'''
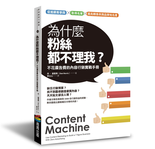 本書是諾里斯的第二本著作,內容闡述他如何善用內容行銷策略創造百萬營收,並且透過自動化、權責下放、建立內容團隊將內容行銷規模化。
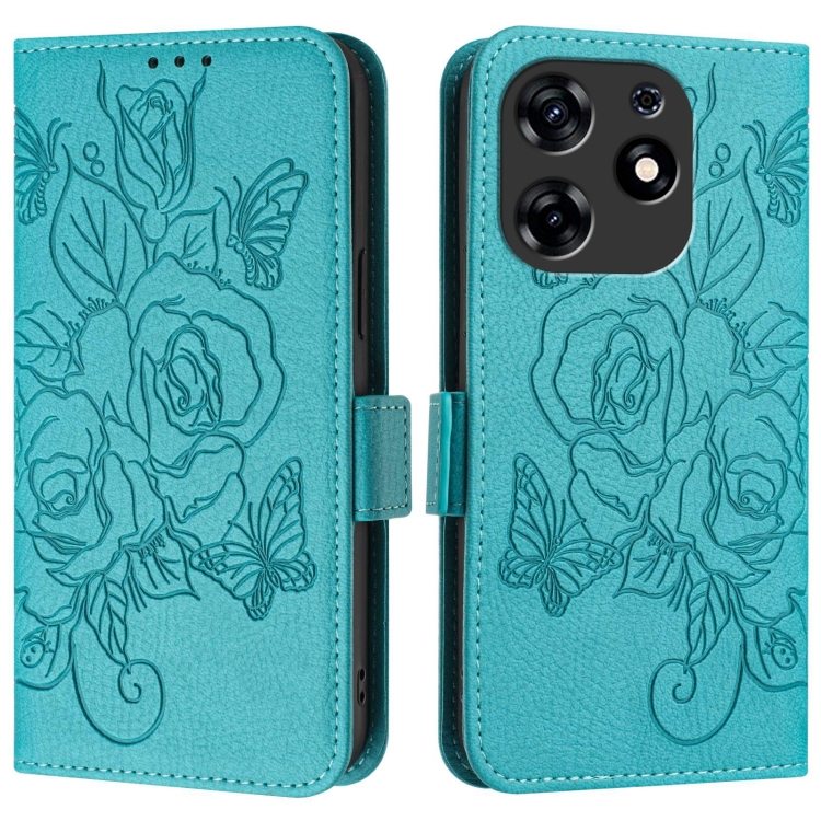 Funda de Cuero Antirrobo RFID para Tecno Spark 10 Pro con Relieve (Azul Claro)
'''
'''
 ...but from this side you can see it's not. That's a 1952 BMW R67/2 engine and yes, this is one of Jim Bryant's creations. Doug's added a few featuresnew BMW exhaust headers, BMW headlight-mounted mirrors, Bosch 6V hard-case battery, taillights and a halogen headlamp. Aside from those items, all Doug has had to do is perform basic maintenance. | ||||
'''
'''
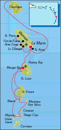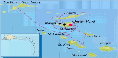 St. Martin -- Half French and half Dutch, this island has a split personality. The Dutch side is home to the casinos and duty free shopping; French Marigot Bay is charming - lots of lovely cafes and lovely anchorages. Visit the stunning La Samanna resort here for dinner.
'''
# [TASK TO CARRY OUT]
Within the material above, find the part that opens with the line containing "本書是諾里斯的第二本著作,內" and closes with the line containing "Funda de Cuero", and reproduce it exactly without the pictures.

# [RESPONSE BELOW]
 本書是諾里斯的第二本著作,內容闡述他如何善用內容行銷策略創造百萬營收,並且透過自動化、權責下放、建立內容團隊將內容行銷規模化。
 Funda de Cuero Antirrobo RFID para Tecno Spark 10 Pro con Relieve (Azul Claro)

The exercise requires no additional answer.